Although the 2008 PGA Tour is just one week old, speculation is mounting that Tiger Woods could achieve golf's holy grail by sweeping all four majors for a calendar grand slam.

Woods himself alluded to the possibility last week and most of his peers accept it is extremely foolhardy to rule anything out when the runaway world number one is concerned.

The feat has never been accomplished in the professional game but Woods came desperately close with his so-called "Tiger Slam" after winning the 2001 Masters.

His two-shot victory at Augusta National meant he held all four majors at the same time, following his wins at the U.S. Open, British Open and PGA Championship the previous year.
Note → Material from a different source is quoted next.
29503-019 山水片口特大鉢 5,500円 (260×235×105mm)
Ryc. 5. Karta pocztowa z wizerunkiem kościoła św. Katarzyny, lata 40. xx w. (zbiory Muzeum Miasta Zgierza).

"I think it's easily within reason," Woods said of a possible calendar slam on his Web site.

Many of his fellow PGA Tour players agree.

"It's tough to do but he's done it," world number three Steve Stricker told reporters at last week's season-opening Mercedes-Benz Championship. "Not all in one calendar year but he's had them all. It looks like it's possible.
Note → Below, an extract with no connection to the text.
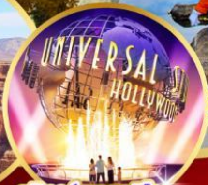
ยูนิเวอร์แซลสตูดิโอ

"There's such a big difference between Tiger Woods and the rest. I got to see Tiger play quite a bit at the end of the year and I played with him again at the Target (World Challenge).
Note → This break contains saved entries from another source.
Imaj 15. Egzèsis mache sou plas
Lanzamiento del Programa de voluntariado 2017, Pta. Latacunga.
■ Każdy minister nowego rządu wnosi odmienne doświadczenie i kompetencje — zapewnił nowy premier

"I haven't seen anybody play like that, never. I think the world rankings got it about right. He's about double, isn't he, of the second-place guy?"

Woods, who has occupied top spot for a record 477 weeks, has 19.22 average rankings points, more than double that of world number two Phil Mickelson (8.55).

He clinched his 13th major title at the PGA Championship last August and totally outclassed his rivals by winning five times in his last six starts of the season.

Woods's caddie Steve Williams says he has never seen him strike the ball as well. Should he replicate that form in this year's four majors, that elusive calendar slam is there for the taking.

"The way he's playing right now is pretty spectacular," said Masters champion Zach Johnson. "A lot of guys can hit it like Tiger power-wise but mentally he's second to none. Tiger is on another level.

"If there is someone who comes along and they're kind of neck-and-neck and pushing him, Tiger then raises his game even further. The challenge is going to be there but it's going to be brief and he'll just keep going."

The argument is often made that a player needs more than a dose of good fortune in the way his game matches up to the major venues each year.

According to Stricker, that no longer applies to Woods who is already arguably the greatest player in history.

"I don't think courses are an issue for him any more," the 40-year-old Wisconsin native said. "I just think he'll find a way to get it done.

"He'll struggle through a couple of shots here and there but then find it real quick again. I always think he's capable of winning all four. I think it would be very difficult to do but, if anybody can, he's probably the guy to do it."

The only man to claim all four majors in a single season was American Bobby Jones, who completed the "Impregnable Quadrilateral" in 1930 by winning the amateur and open championships of both Britain and the United States.

Tiger Woods, long driven to be the best he can possibly be, aims to follow suit as a professional.